▶ Problem details
For the material below, output exactly the span from the line with "Celebrate the new" to the line with "The Cosmas 305-128FB", including both, and nothing besides.

▶ Records to use

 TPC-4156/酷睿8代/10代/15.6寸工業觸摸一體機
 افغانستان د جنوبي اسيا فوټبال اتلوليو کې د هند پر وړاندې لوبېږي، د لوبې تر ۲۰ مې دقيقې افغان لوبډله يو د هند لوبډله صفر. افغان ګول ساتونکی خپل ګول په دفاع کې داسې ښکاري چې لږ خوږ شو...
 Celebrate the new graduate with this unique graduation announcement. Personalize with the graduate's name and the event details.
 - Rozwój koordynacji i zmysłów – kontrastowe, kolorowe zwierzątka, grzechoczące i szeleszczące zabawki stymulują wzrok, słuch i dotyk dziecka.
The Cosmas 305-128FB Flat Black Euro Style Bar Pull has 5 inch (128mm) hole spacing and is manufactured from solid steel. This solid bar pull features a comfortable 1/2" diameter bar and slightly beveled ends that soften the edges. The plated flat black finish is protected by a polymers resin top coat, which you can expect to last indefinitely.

...

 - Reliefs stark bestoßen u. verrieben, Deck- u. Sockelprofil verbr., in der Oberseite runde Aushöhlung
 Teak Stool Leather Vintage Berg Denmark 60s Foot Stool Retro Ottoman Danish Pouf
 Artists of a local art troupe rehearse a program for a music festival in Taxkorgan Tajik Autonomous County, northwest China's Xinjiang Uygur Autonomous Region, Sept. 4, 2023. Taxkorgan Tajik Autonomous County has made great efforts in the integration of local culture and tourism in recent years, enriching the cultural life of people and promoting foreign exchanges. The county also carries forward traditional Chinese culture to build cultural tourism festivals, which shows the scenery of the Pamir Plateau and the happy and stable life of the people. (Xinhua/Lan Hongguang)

...

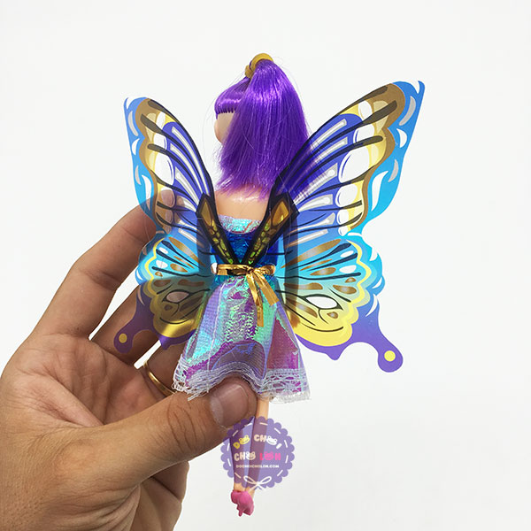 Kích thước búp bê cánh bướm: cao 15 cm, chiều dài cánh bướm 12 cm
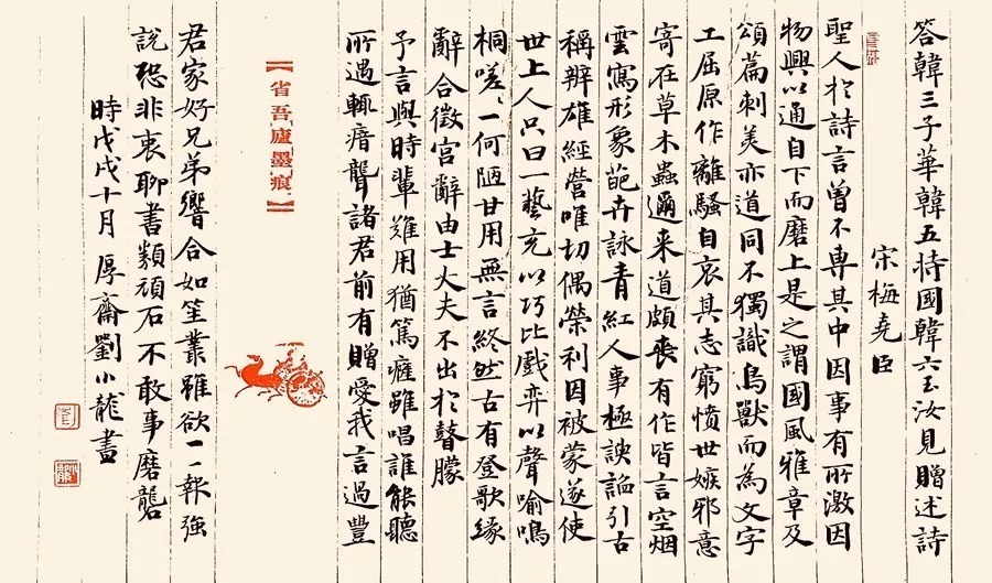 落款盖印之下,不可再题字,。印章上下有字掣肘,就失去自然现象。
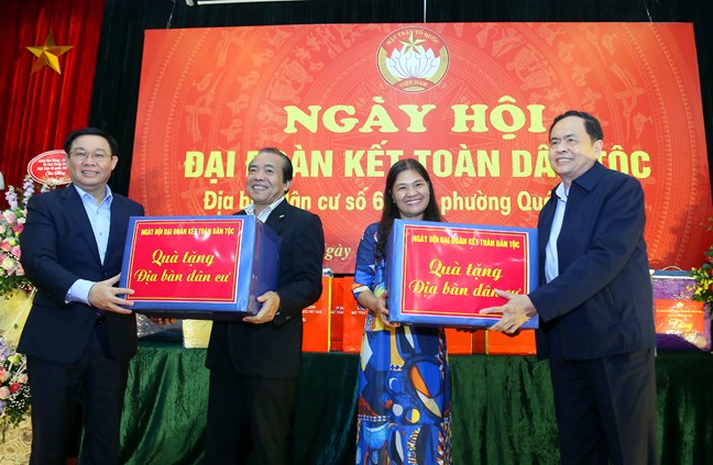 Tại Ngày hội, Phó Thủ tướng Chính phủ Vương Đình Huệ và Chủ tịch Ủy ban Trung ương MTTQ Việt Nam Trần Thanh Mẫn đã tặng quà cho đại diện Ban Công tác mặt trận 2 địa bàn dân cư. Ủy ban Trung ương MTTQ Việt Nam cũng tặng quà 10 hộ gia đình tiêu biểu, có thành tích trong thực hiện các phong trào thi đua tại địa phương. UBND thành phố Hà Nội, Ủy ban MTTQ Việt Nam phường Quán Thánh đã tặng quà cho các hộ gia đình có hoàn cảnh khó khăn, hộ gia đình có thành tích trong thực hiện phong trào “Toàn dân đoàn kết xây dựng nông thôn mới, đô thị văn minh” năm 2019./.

▶ The completed task
 Celebrate the new graduate with this unique graduation announcement. Personalize with the graduate's name and the event details.
 - Rozwój koordynacji i zmysłów – kontrastowe, kolorowe zwierzątka, grzechoczące i szeleszczące zabawki stymulują wzrok, słuch i dotyk dziecka.
The Cosmas 305-128FB Flat Black Euro Style Bar Pull has 5 inch (128mm) hole spacing and is manufactured from solid steel. This solid bar pull features a comfortable 1/2" diameter bar and slightly beveled ends that soften the edges. The plated flat black finish is protected by a polymers resin top coat, which you can expect to last indefinitely.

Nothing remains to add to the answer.